Соответственно, какие-то новации в своём деле позволяли обеспечить больший достаток по сравнению с теми, кто секрета новации не знал. Так выгодной стратегией стало скрытие «ноу-хау» — методов улучшения своей продукции. А следствием — появление профессиональных династий: поваров, кузнецов, артистов, царей, вплоть до управленцев глобальными процессами.
          В существовавшей в то время логике поведения было выгодно скрывать знания и передавать их по наследству. Во многих случаях информация о том «как делать», была более важна, чем всё богатство рода, что неоднократно освещалось в сказках и преданиях. Поэтому ещё одним следствием стало развитие системы шифрования знаний и системы посвящений в секреты тех или иных шифров.

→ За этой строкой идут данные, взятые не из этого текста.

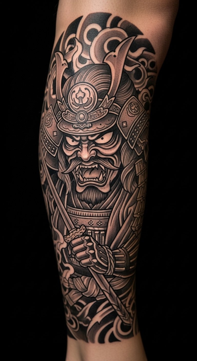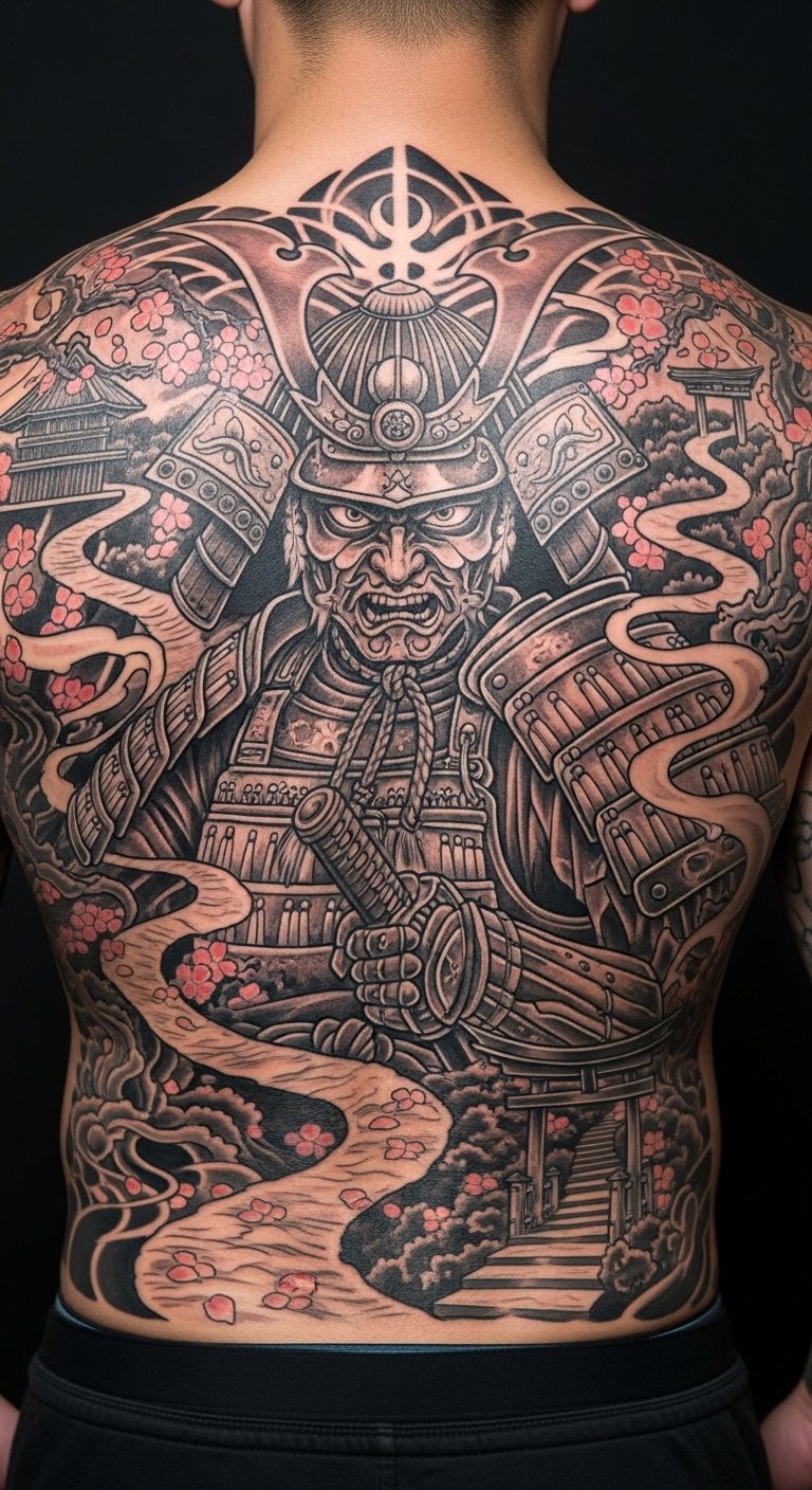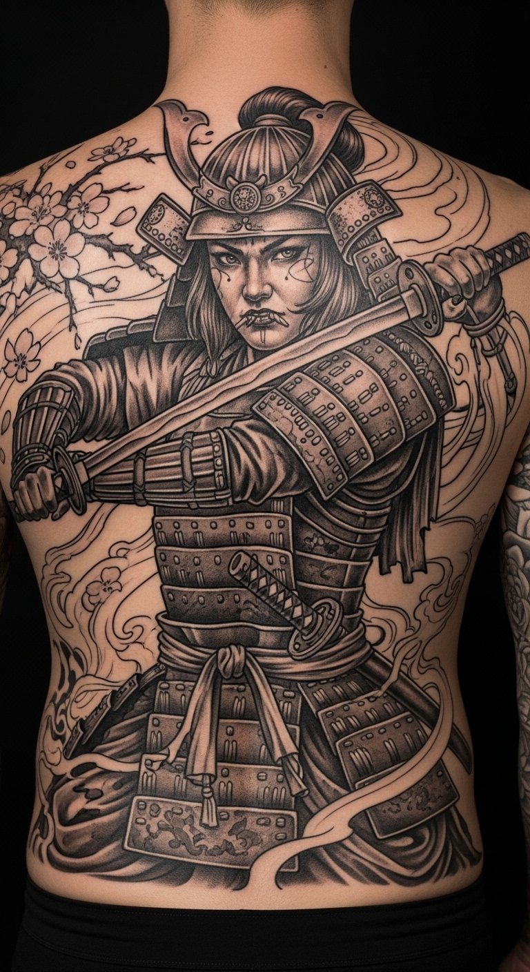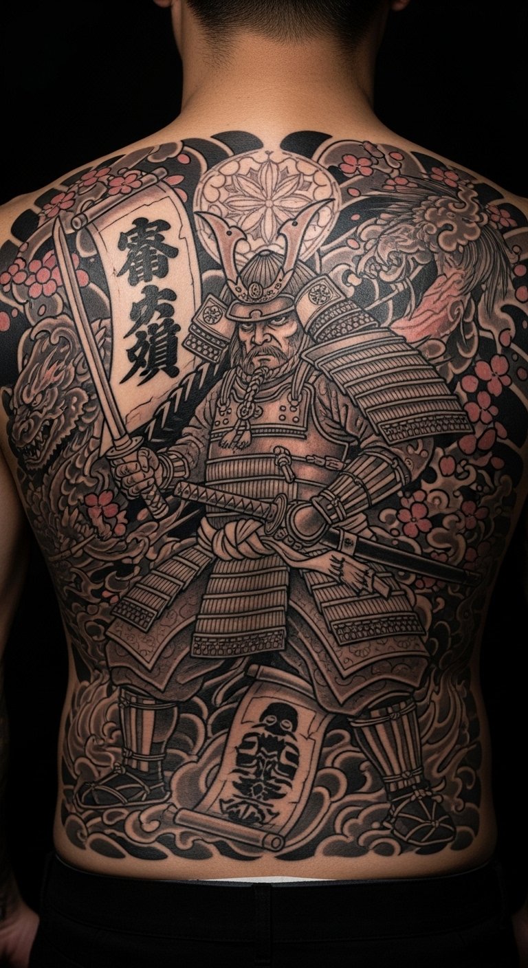 Ancestral tribute ink features a samurai with family symbols, honoring roots. This design connects you to history in a personal way. Sketch family icons next to a warrior on paper—costs nothing. Seek out affordable artists online, around $130 for medium size. Place it on your back for a private tribute. Bold ink: ancestral tribute strengthens heritage ties. Add custom touches with home drawings. Keep it practical.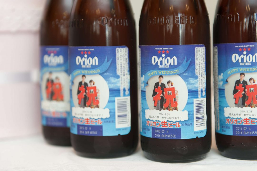 新郎新婦オリジナルのオリオン「祝」ビール。

 Вот так, не многим, не малым объясняется начало теории глобализации. Не диалектическими законами, основанными на природных, эволюционных и космических законах. А на элементарном потребительском буме, который заставил человека мыслить совсем по - другому. И именно это должно увести человека от всяких социализмов, которые по мнению участников глобализации, которые просто мешают развитию человеческой личности и не дают ей развиться в полной мере.
          На этой основе и складывается, якобы, «массово - элитарная» модель общественного устройства, где на верхушке пирамиды находятся в основном управленческие профессии, ниже информационные, а в самом низу — производственные. Переход между уровнями осуществлялся посредством тех или иных посвящений.
          Этой логике социального поведения подчинялись все процессы в обществе.
С этим, конечно, согласиться можно, ибо устройство всякого общества основано на единых психологических аспектах управления. Кто – то умеет управлять, кто – то изобретать, а кто – то выполнять определённую работу. Это известно давно и не нужно изобретать велосипед. Однако, следует заметить, что любое общество зависит не только от умения работать, но и от общности интересов. Поэтому у капиталистического – они одни, а у социалистического совершенно другие.
Поэтому нельзя сравнивать способности общества только на уровне его технического развития, хотя глашатаи глобализации утверждают. Теперь за время жизни одного человека и жизни одного поколения происходят многократные изменения в окружающем социуме (изменения в информационном состоянии общества). В условиях, когда скорость смены технологий приблизилась к порогам скорости освоения новых технологий человеческой психикой (в некоторых случаях речь уже идёт на месяцы), на первое место и выходят методы освоения новых знаний, а не сами знания, которые быстро устаревают. Это меняет облик всего общества и систему образования, в частности.
          В период до смены логики социального поведения человек рождался, получал некую информацию (вот Бог, вот Царь, вот Церковь), и она была незыблема, вплоть до его ухода из жизни. Тот, кто в начале жизни получал посвящение в нечто, мог за счёт монополии на это знание безбедно жить всю оставшуюся жизнь. Тот, кто не получал подобных посвящений, пахал землю. Ныне пора посвящений закончилась, в результате все возрастающей частоты социального времени они утратили какой бы то ни было смысл.
          Меняется и отношение людей к происходящему вокруг них, в результате чего после второй половины 20-го века происходит смена логики социального поведения людей.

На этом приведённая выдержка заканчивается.